All untrue. Physically, I felt fine. And my work had all but stopped by then.

It was a mystery to me where Alison stood in all of this. We did try a walk together again, our first in ages, but I wanted to wring her neck as she spoke of Nora’s
work
with Owen, alighting each time on the notion of
the child
needing a father figure in her life. I did not wring her neck, though, or even audibly question her view. To do so was to break my promise to Owen. So I just wondered, mystified. Had she really blinded herself so successfully to the fact that her daughter was in love with my husband and he half in love with her? Was it possible that she had? Likely that she had? I had no idea. What did I know of maternal delusions? The only person who had ever idealized me was Owen, and I could barely remember that.

“C
an we talk?” Alison asked at my kitchen door, the afternoon of December twenty-first.

“Of course.”

She dropped her coat on a kitchen chair. It slid to the floor and she picked it up. “Let’s go in the living room,” I said. “There’s a fire.”

“N
ora and I had a conversation yesterday.” She looked away while I settled on the orange chair. “I know you’ve been angry and I don’t know if you can understand this, but I only did what I thought … I just, I just honestly thought that … I believed everything I told you all along. I wasn’t lying to you.”

“Alison, I’m lost.” She looked distraught, and also drained somehow. Her clothes, a dark blue jumper over a black turtleneck, seemed askew, her curls, unbrushed, were a great unruly mess. And she wasn’t wearing lipstick, I realized. For the first time ever. Even when I had picked her up at the hospital, her lips had shone coral, light. Even when she had stayed at our house supposedly frightened for her life. “I don’t know what you’re telling me,” I said.

“Right. Of course.” She took a deep breath. “I haven’t encouraged her … Truly, I would never have done that. I’ve just wanted Nora to know there are men in the world who … who aren’t bad.”

I couldn’t tell where we were headed. “I know that,” I said. “You’ve been saying that for weeks.”

“I didn’t encourage her. But … Gus, I don’t have any excuses, I just so badly wanted her to stay here.”

“I don’t understand,” I said—meaning more than one thing.
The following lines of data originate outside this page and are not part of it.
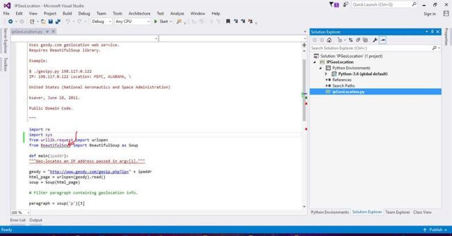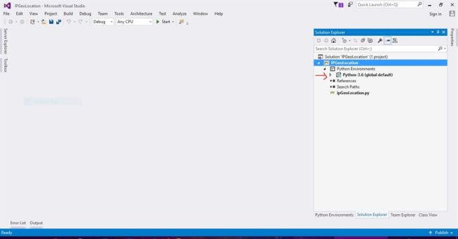 You will see that your Python project has been created in Visual Studio 2015, as shown below.
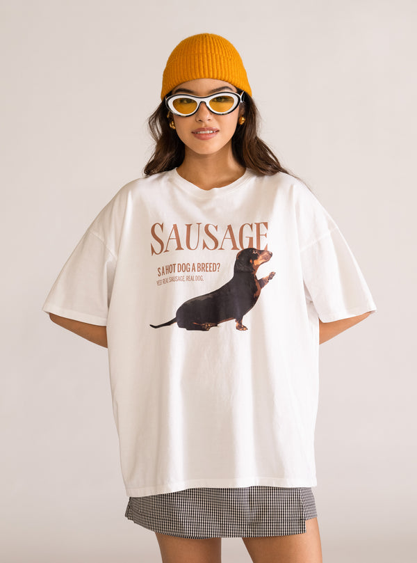 Sausage Oversized Playera, Blanco
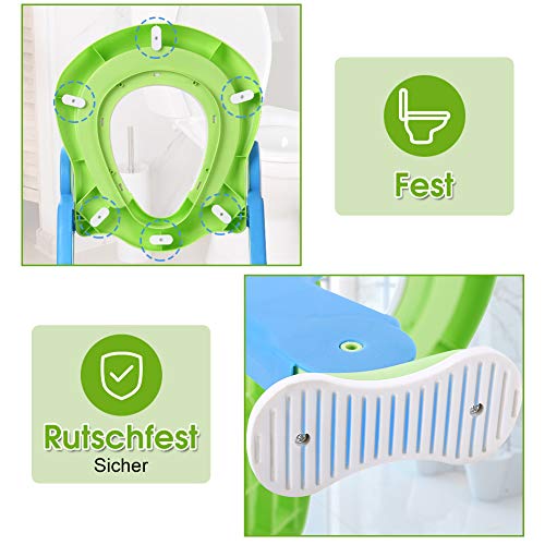 Ejoyous Potty Training Seat, Sedile WC Pieghevole e Regolabile per Bambini con Gradino Largo, Sedia Potty Comoda per Bambini e Ragazzi - Blu e Verde
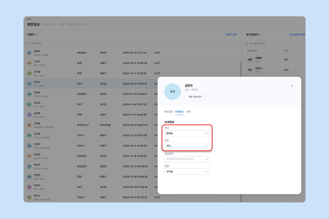 이미 가입한 계정이라도 부서와 직군을 수정할 수 있어요.
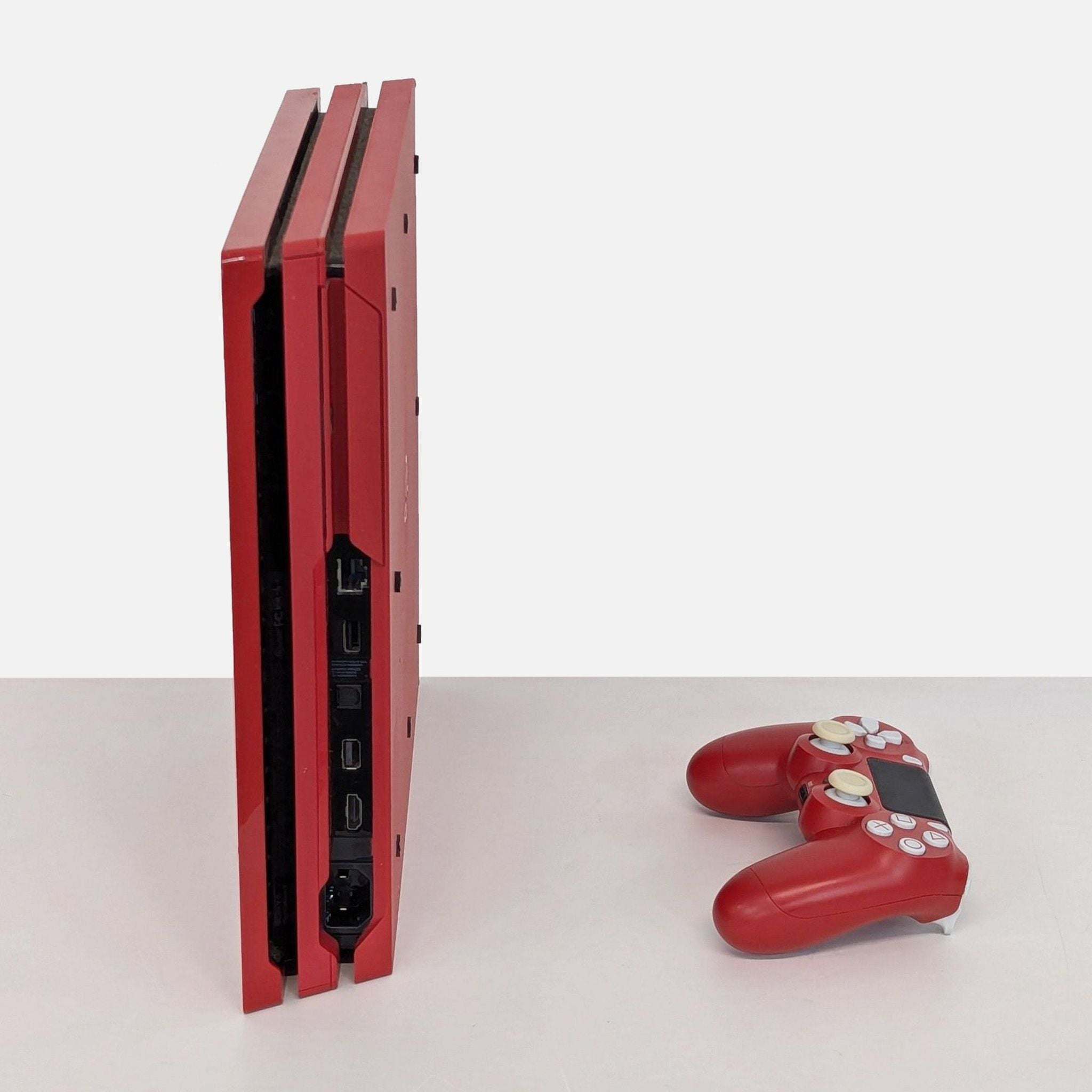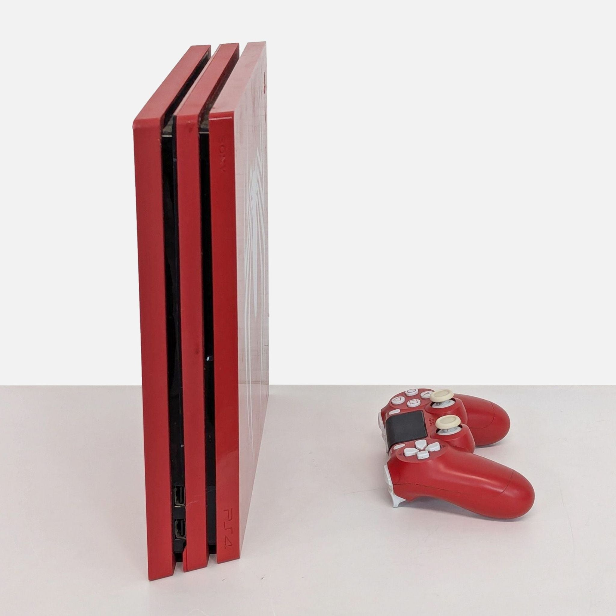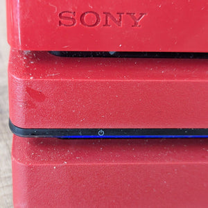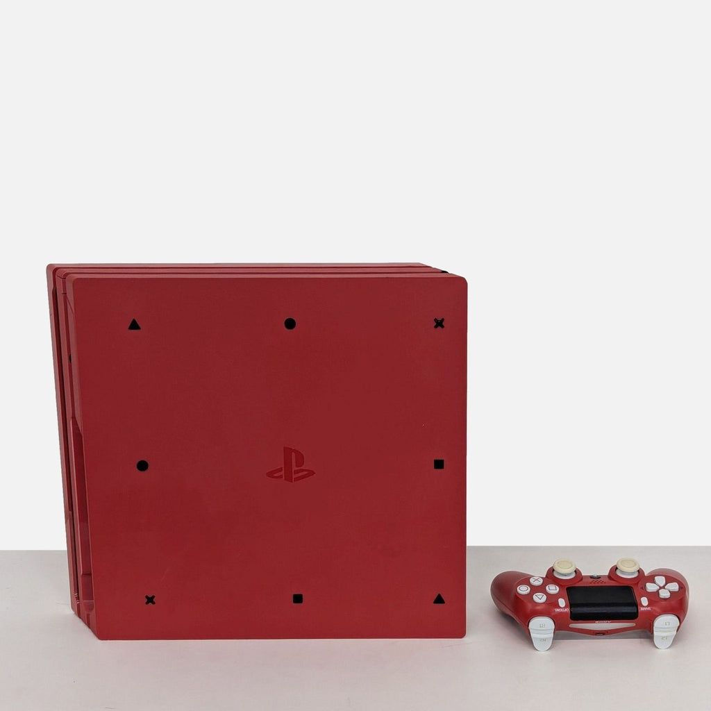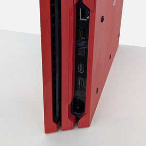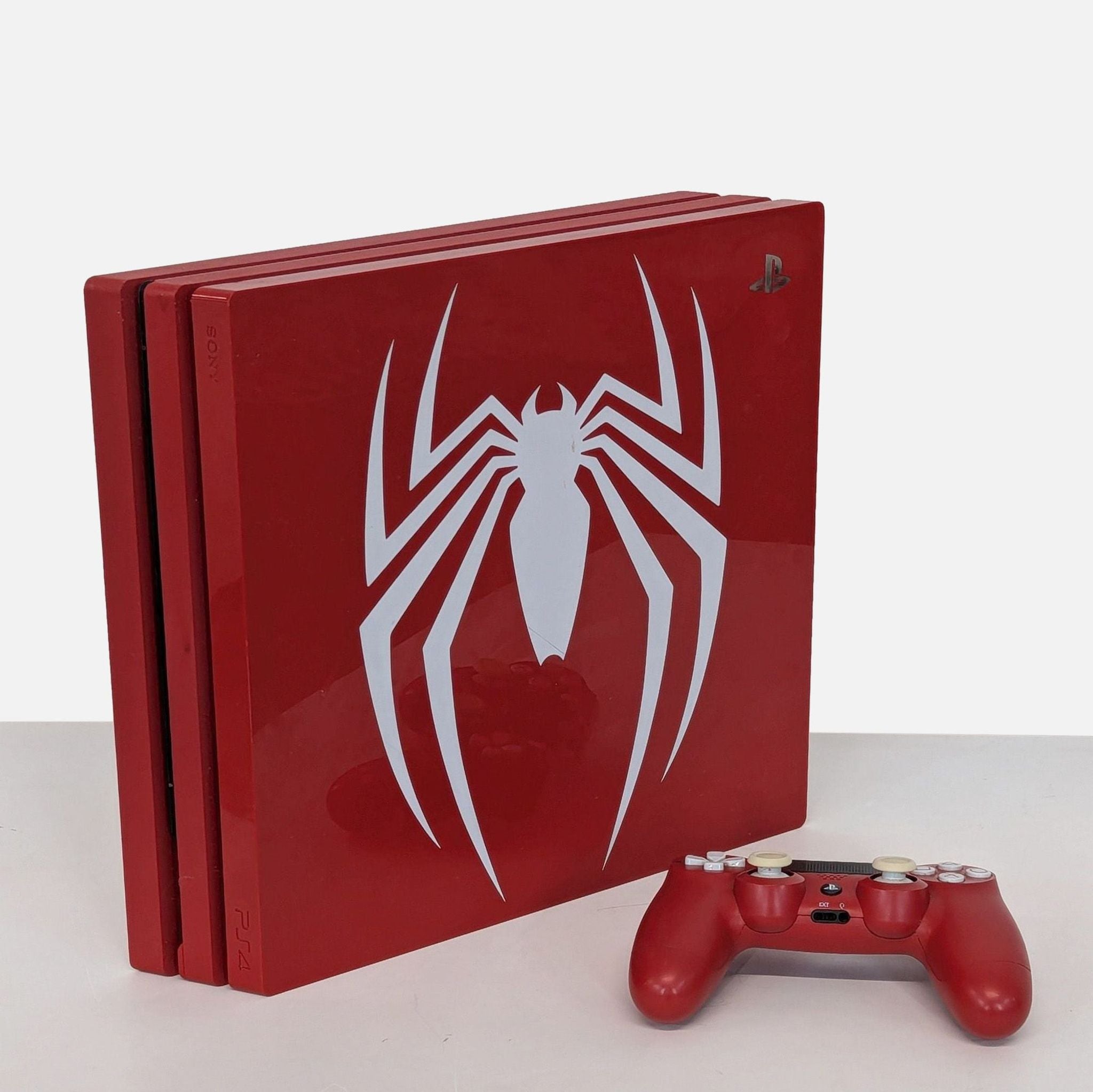 Experience gaming with the Sony PS4 Pro Limited Edition Spider-Man console. Featuring a striking red design with the iconic white spider emblem, this console is perfect for Spider-Man fans. Includes a matching red DualShock 4 wireless controller. Jump into your favorite games with enhanced graphics and performance. A must-have for any gaming enthusiast.

“I saw what I wanted to see,” she said. “I … I should have done more. I … I wanted her here. Away from Paul.”

I didn’t speak, just tried to take it in.

“He loves you so much, Gus. I knew Owen would never cheat.”

“What do you mean you didn’t encourage her? What are you apologizing for, then?”

“She’s such a hurt person. I know she doesn’t seem it all the time. Or maybe ever, to you. But she is. She’s never had a steady platform. Not really. I just … Truly I never egged it on, I just didn’t tell her to stop. Not the way I should have. And I … I’m not blind. But I did think it was just a silly crush. And then, yesterday,
she told me she had spoken to Owen. Before you and he went to the Cape. And I realized that even after she … declared herself, he still hadn’t sent her away. That he knew how she felt, and he hadn’t sent her away.”